» Description of the task: From the material below, copy exactly the lines beginning with the one that contains "Ein Nutzer kontaktiert" and ending with the one that contains "新華社記者 邢廣利 攝"; the pictures stay out.

» Extracted data:
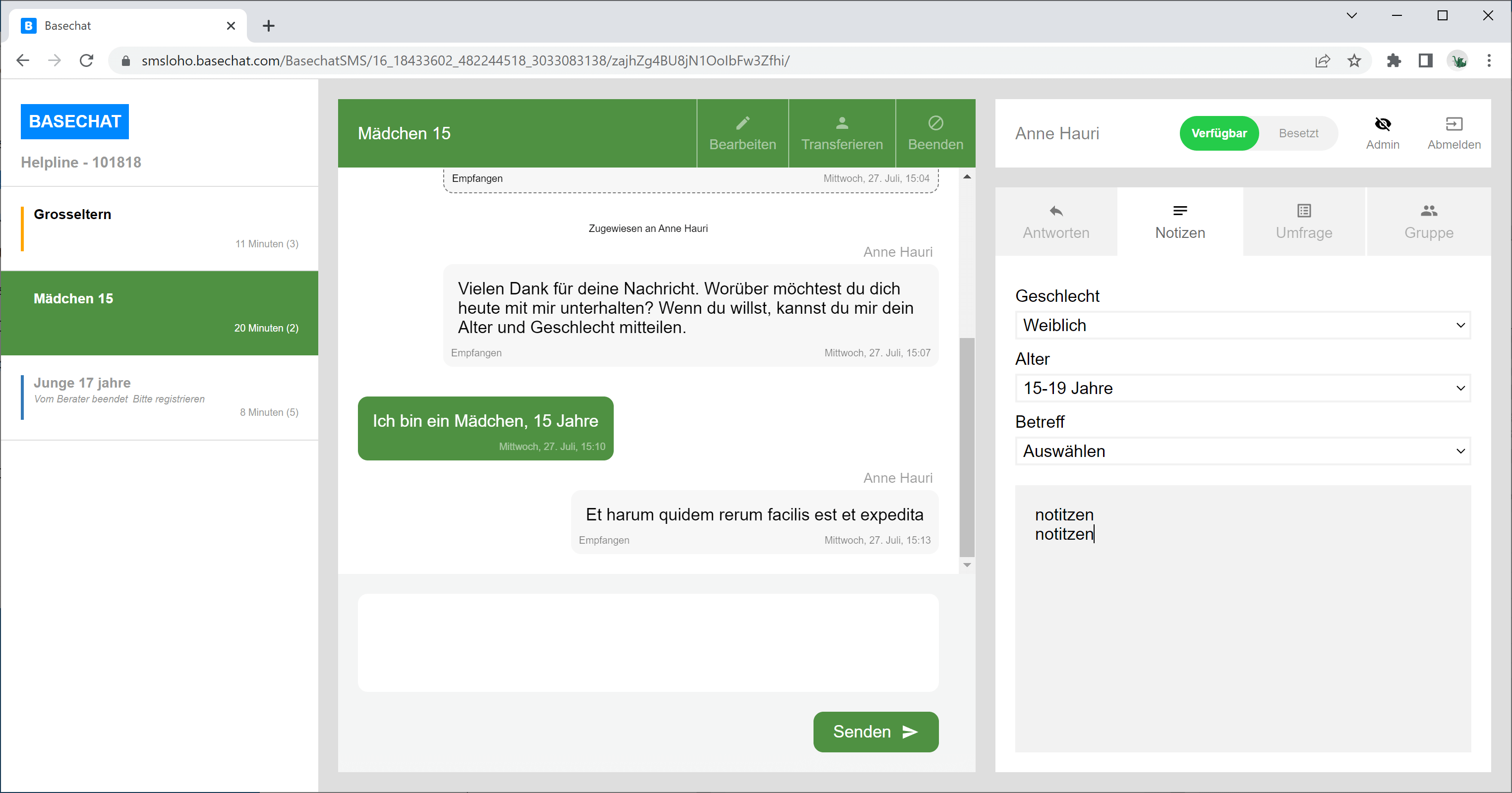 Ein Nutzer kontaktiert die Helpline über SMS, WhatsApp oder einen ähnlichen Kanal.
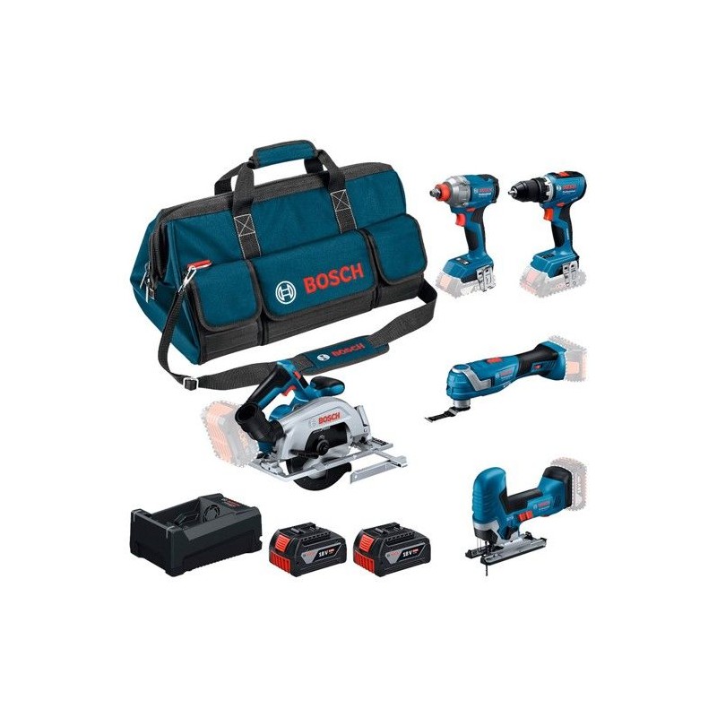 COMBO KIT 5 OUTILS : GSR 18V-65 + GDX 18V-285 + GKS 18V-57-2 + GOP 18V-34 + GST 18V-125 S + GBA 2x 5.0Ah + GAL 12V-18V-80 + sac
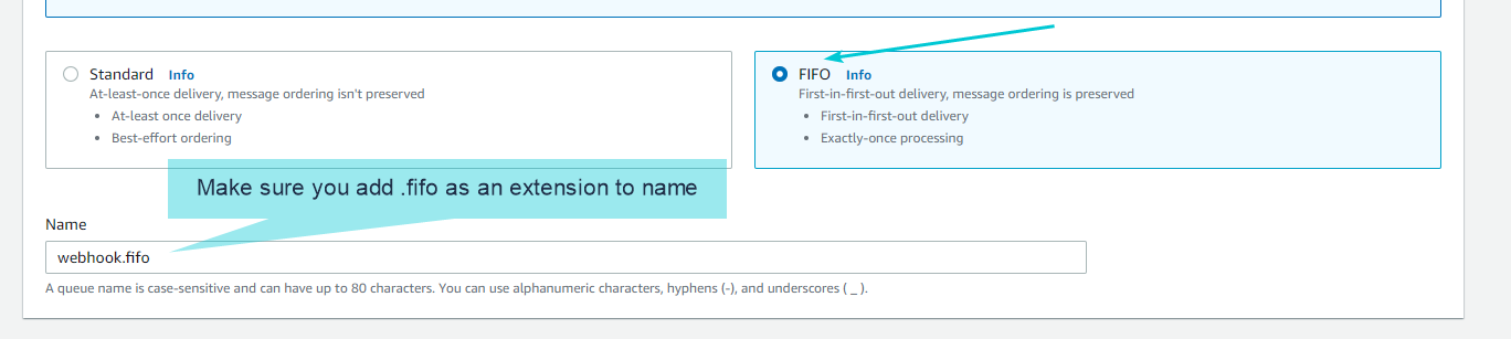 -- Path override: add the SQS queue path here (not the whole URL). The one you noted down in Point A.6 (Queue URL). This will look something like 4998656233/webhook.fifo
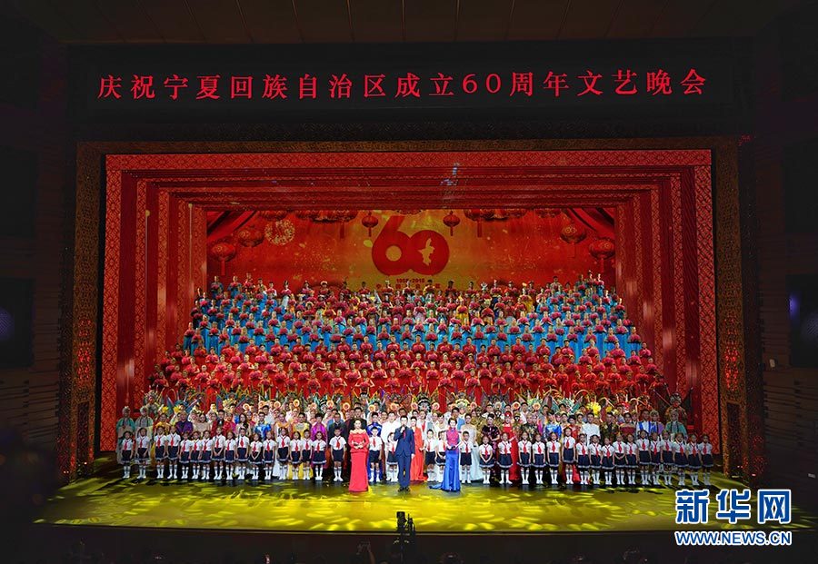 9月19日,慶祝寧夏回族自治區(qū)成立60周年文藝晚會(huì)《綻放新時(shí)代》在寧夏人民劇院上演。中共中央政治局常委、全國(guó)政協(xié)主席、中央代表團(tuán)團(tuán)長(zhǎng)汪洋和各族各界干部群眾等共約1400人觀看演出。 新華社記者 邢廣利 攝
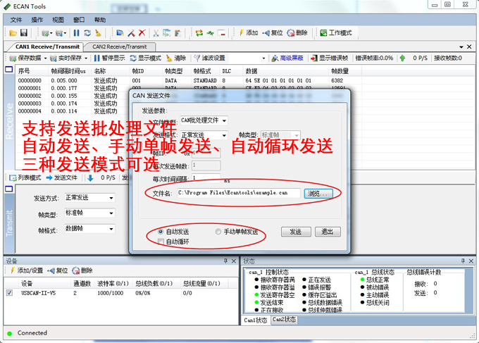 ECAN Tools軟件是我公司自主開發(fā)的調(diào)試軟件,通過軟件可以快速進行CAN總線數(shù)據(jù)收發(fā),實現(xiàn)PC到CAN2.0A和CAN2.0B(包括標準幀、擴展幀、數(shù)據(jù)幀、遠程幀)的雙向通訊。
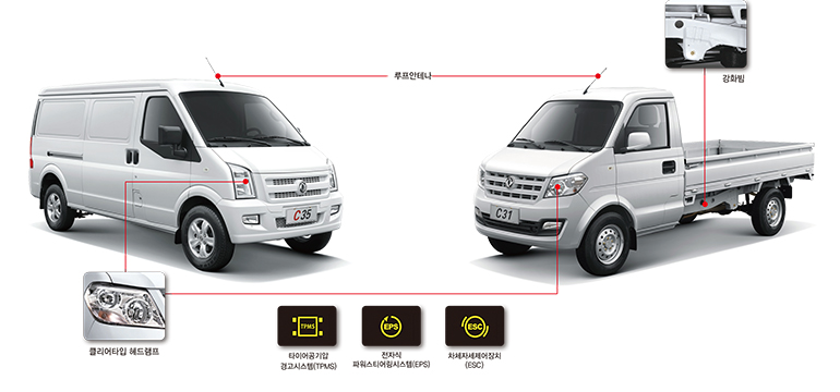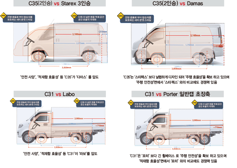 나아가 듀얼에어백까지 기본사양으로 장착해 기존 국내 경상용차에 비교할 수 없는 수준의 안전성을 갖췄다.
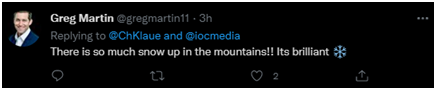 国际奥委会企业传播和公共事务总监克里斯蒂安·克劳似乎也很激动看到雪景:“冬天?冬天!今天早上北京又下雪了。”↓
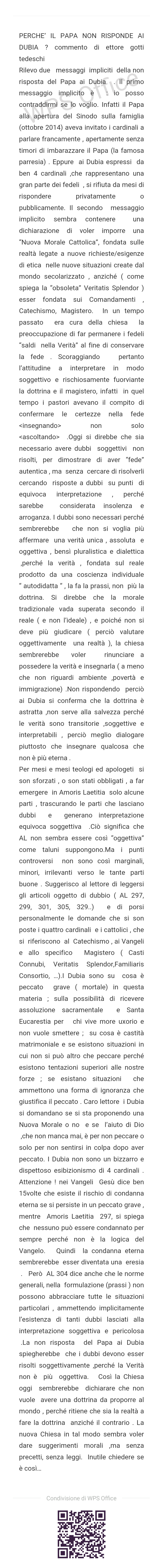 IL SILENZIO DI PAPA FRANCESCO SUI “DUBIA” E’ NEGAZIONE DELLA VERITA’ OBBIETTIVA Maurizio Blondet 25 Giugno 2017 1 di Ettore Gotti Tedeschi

--

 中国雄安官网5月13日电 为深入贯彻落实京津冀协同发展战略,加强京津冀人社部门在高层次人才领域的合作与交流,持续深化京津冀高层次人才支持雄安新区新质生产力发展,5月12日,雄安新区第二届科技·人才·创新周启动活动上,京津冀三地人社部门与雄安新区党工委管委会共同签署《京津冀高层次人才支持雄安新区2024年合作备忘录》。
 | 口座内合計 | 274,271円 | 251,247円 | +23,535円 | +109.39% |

* * *

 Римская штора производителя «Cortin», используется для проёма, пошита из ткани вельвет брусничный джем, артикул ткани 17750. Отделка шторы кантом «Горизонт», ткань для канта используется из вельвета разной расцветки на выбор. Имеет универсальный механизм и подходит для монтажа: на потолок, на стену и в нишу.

» Answer section:
 Ein Nutzer kontaktiert die Helpline über SMS, WhatsApp oder einen ähnlichen Kanal.
 COMBO KIT 5 OUTILS : GSR 18V-65 + GDX 18V-285 + GKS 18V-57-2 + GOP 18V-34 + GST 18V-125 S + GBA 2x 5.0Ah + GAL 12V-18V-80 + sac
 -- Path override: add the SQS queue path here (not the whole URL). The one you noted down in Point A.6 (Queue URL). This will look something like 4998656233/webhook.fifo
 9月19日,慶祝寧夏回族自治區(qū)成立60周年文藝晚會(huì)《綻放新時(shí)代》在寧夏人民劇院上演。中共中央政治局常委、全國(guó)政協(xié)主席、中央代表團(tuán)團(tuán)長(zhǎng)汪洋和各族各界干部群眾等共約1400人觀看演出。 新華社記者 邢廣利 攝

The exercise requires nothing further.